Everything in the records below from the line containing "- Todas las" through the line containing "O XML será gerado" is to be reproduced exactly, those two lines included; no picture is to be copied.

_Exercise inputs_.
┄┄┄┄┄┄┄┄┄┄
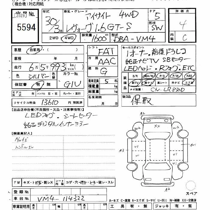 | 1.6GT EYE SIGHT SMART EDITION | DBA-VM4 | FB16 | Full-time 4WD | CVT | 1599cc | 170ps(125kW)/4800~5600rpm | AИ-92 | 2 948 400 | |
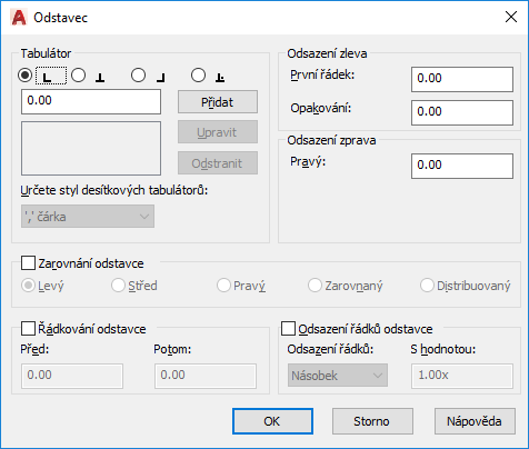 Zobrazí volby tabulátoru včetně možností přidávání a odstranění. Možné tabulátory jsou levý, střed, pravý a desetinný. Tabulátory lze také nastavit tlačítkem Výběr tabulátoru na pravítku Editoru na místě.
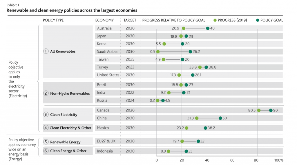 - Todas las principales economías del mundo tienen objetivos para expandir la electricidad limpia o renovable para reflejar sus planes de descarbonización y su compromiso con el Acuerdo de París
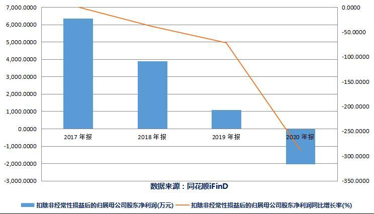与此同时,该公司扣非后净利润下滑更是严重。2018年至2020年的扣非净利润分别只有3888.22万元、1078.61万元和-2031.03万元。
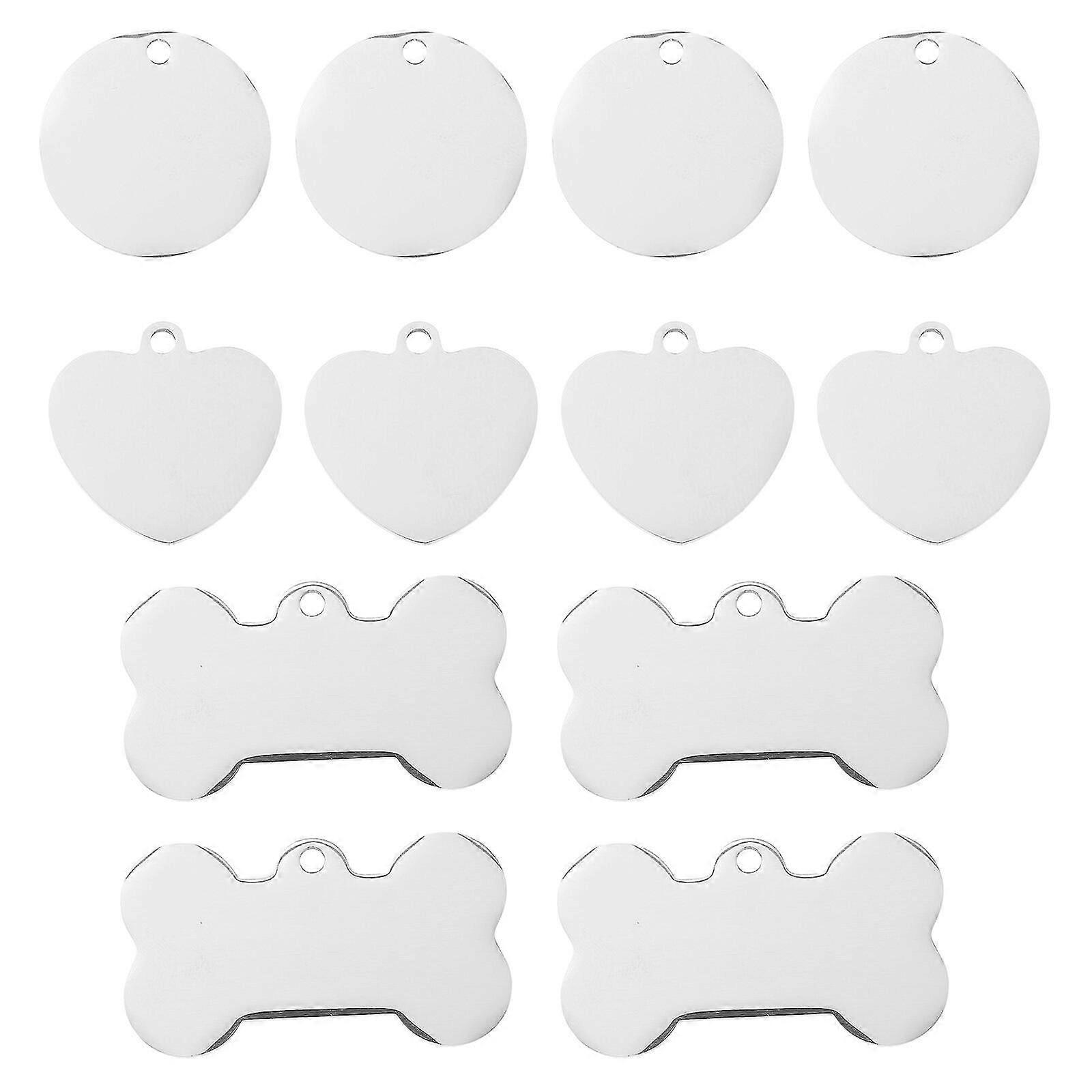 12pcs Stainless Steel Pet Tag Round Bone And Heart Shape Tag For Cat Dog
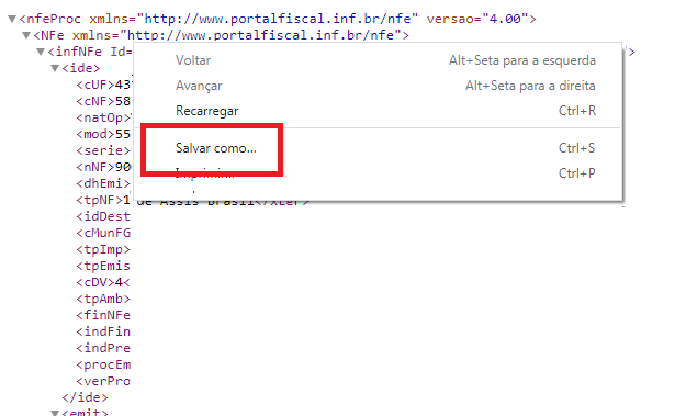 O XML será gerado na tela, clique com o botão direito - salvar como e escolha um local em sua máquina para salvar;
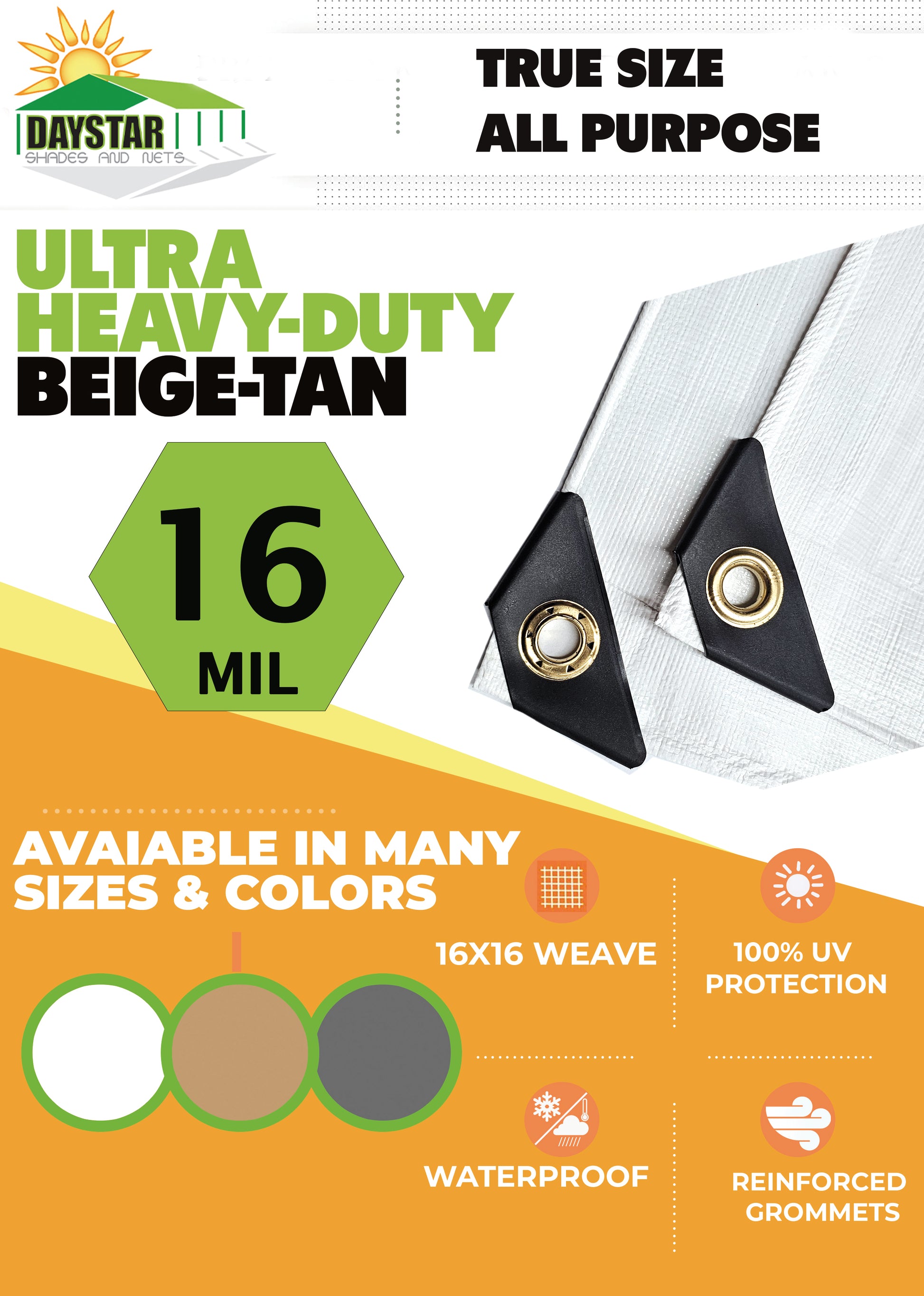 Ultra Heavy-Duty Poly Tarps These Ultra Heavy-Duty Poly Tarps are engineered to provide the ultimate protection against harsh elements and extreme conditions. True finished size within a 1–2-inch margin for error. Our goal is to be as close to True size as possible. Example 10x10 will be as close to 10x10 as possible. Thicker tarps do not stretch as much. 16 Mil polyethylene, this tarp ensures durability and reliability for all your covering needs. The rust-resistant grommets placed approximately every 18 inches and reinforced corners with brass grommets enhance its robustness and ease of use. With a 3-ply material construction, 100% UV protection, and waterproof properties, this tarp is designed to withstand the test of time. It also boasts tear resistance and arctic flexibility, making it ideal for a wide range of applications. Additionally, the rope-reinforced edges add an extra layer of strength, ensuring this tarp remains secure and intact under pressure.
┄┄┄┄┄┄┄┄┄┄
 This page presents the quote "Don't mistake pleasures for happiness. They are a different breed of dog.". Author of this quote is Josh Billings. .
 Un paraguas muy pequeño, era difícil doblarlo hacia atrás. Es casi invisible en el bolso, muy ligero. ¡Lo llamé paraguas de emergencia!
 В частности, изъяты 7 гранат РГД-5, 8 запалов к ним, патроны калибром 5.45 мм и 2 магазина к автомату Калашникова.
┄┄┄┄┄┄┄┄┄┄
_Task response_.
 - Todas las principales economías del mundo tienen objetivos para expandir la electricidad limpia o renovable para reflejar sus planes de descarbonización y su compromiso con el Acuerdo de París
与此同时,该公司扣非后净利润下滑更是严重。2018年至2020年的扣非净利润分别只有3888.22万元、1078.61万元和-2031.03万元。
 12pcs Stainless Steel Pet Tag Round Bone And Heart Shape Tag For Cat Dog
 O XML será gerado na tela, clique com o botão direito - salvar como e escolha um local em sua máquina para salvar;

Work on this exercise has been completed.